Discussion: Sports related injuries are responsible for various injuries to Achilles tendon. Achilles is one of the strongest tendons of the body and measures about 15 cm connecting three muscles (gastrocnemus, soleus and plantaris) to the calcaneum (Figure 7). This receives blood supply from musculo-tendinous junction and nerve supply from sural and tibial nerves. This muscle helps in walking, running and jumping by strong contraction. Two most common pathologies of this tendon are: tendinopathy and tear or rupture. The inflammation of the tendon can either be at non insertional part or insertional part. The former is seen more common in young and active people and the later in middle aged and elderly individuals. The main cause of the tear or rupture is trauma which can cause mild to severe injury. There can be micro tears and interstitial tears which are parallel to the muscle fibres.Repeated traumas can lead to these injuries which can become chronic in nature with duration of more than four weeks. Platt mentioned that untreated rupture may lead to adherence of tendinous sheath to the underlying torn tendon.

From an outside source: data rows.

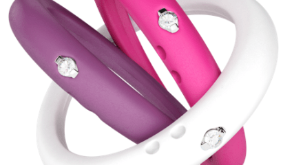 Give your hands a colour shot with these eye-catching rubber rings inlaid with real sparkly diamonds.
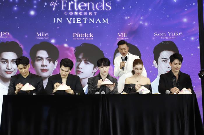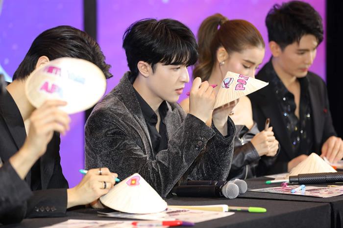 Không khí ngày càng nóng lên khi các nghệ sĩ giao lưu cùng khán giả có mặt. Patrick Nattawat, Son Yuke, Vill, Mile Phakphum và Apo Nattawin không chỉ khoe khả năng nói tiếng Việt cực chuẩn, dàn nam thần còn khoe vẻ điển trai, nụ cười tươi cuốn hút cùng loạt hành động đáng yêu như "bắn tim" khiến fan bấn loạn.
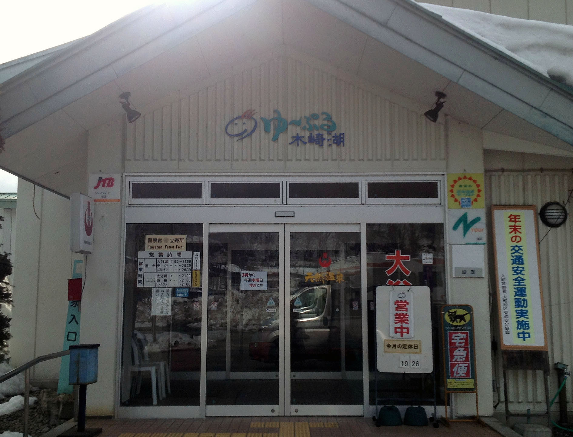 その中で、国道から見える大きな公営の日帰り温泉施設が「ゆーぷる木崎湖」です。広い温泉とレストラン・宴会場、別棟のプールと休憩室があり、地元の人で賑わいます。

This will further makes the movements difficult and surgical interventions are not smooth. Many factors other than trauma are also responsible for this entity like rheumatoid arthritis, diabetes mellitus, gout and SLE, local steroid injection, medication of steroids and quinoline antibiotics (ciprofloxacin and oflaxacin). The commonest site is proximal to the insertion which is quite hypo vascular in nature [1]. The rupture can easily be diagnosed by clinical Thompson’s or Simmonds squeeze test. There is palpable gap in the lower end of the tendon near insertion with decreased plantar flexion and increased passive dorsiflexion. The rupture of Achilles tendon had been classified by Kuwada[2] as follow:
type i - less than 50% rupture and treated with cast immobilization
type ii - complete rupture with gap <3 cm
type iii - complete rupture with gap 3-6 cm
type iv - when tendinous gap is >6 cm
type iii and type iv requires graft repair but type ii is treated with end to end anastomosis. Type i is treated conservatively [3,4].

Lateral plain X-ray of ankle shows obliteration of Kager’s triangle which is pre-achilles fat pad.thios can also shows any calcaneal aavulsion.there can be calcification of insertion end because of the chronicity. Ultrasonography is done with high frequency 7.5 MHz linear array probe. This modality is inexpensive and repeatable. Partial tear shows the hypoechoic or anechoic nature of the tendon along with >1 cm thickness of the tendon whereas full thickness shows torn ends with dirty shadowing [5,6]. MRI is required to categorize the rupture for the purpose of management.MRI can depict better tissue characterization. Normal tendon shows low intensity in all the sequences. Ruptured tendon shows increased thickness with gap filled up with either fluid or blood T2W shows increased intensity with >7 mm antero-posterior thickness. Ruptured tendon can be visualized within the tendinous sheath [7,8]. Management depends upon the type and grading of injury. Gastrocnemus recession is undertaken in non-ruptured tendon. RICE is indicated in mild cases. Debridement and repair is advised where tear is less than 50%. Debridement and tendon transfer in other cases where damage is more than 50% [9,10].